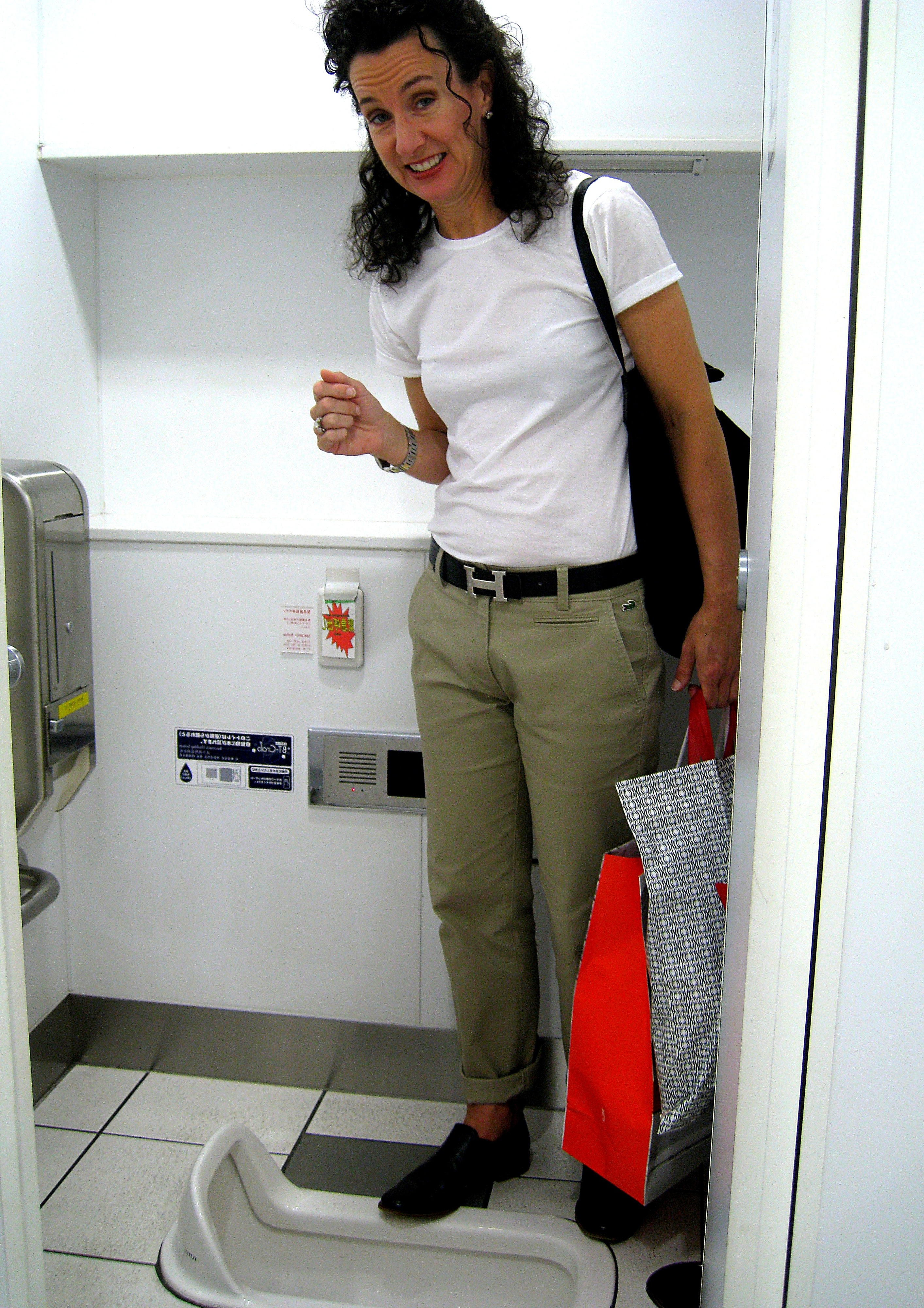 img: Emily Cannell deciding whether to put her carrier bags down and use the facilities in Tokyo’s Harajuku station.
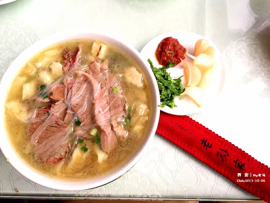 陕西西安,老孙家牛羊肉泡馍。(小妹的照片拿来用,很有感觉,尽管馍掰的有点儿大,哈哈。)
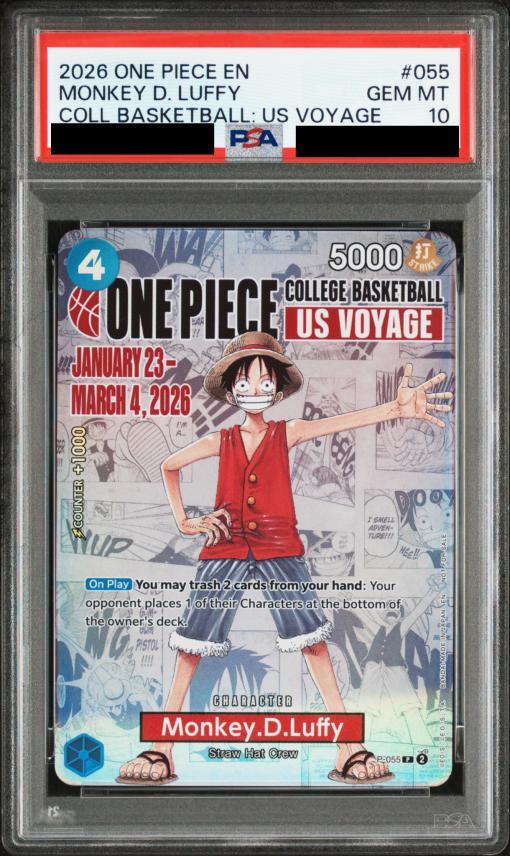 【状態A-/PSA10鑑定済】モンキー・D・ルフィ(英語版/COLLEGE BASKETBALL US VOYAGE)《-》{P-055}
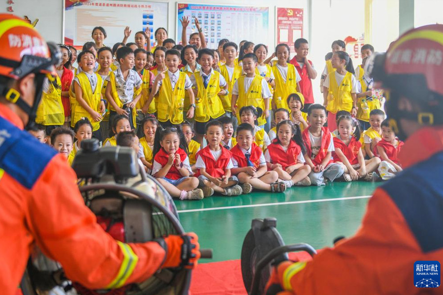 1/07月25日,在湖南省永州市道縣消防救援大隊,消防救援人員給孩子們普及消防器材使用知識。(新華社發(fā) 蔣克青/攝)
....................
What you have to do | The lines from the one containing "陕西西安,老孙家牛羊肉泡馍。" up to and including the last line of the material above are to be given again exactly; any pictures are dropped.

Exercise answer |
 陕西西安,老孙家牛羊肉泡馍。(小妹的照片拿来用,很有感觉,尽管馍掰的有点儿大,哈哈。)
 【状態A-/PSA10鑑定済】モンキー・D・ルフィ(英語版/COLLEGE BASKETBALL US VOYAGE)《-》{P-055}
 1/07月25日,在湖南省永州市道縣消防救援大隊,消防救援人員給孩子們普及消防器材使用知識。(新華社發(fā) 蔣克青/攝)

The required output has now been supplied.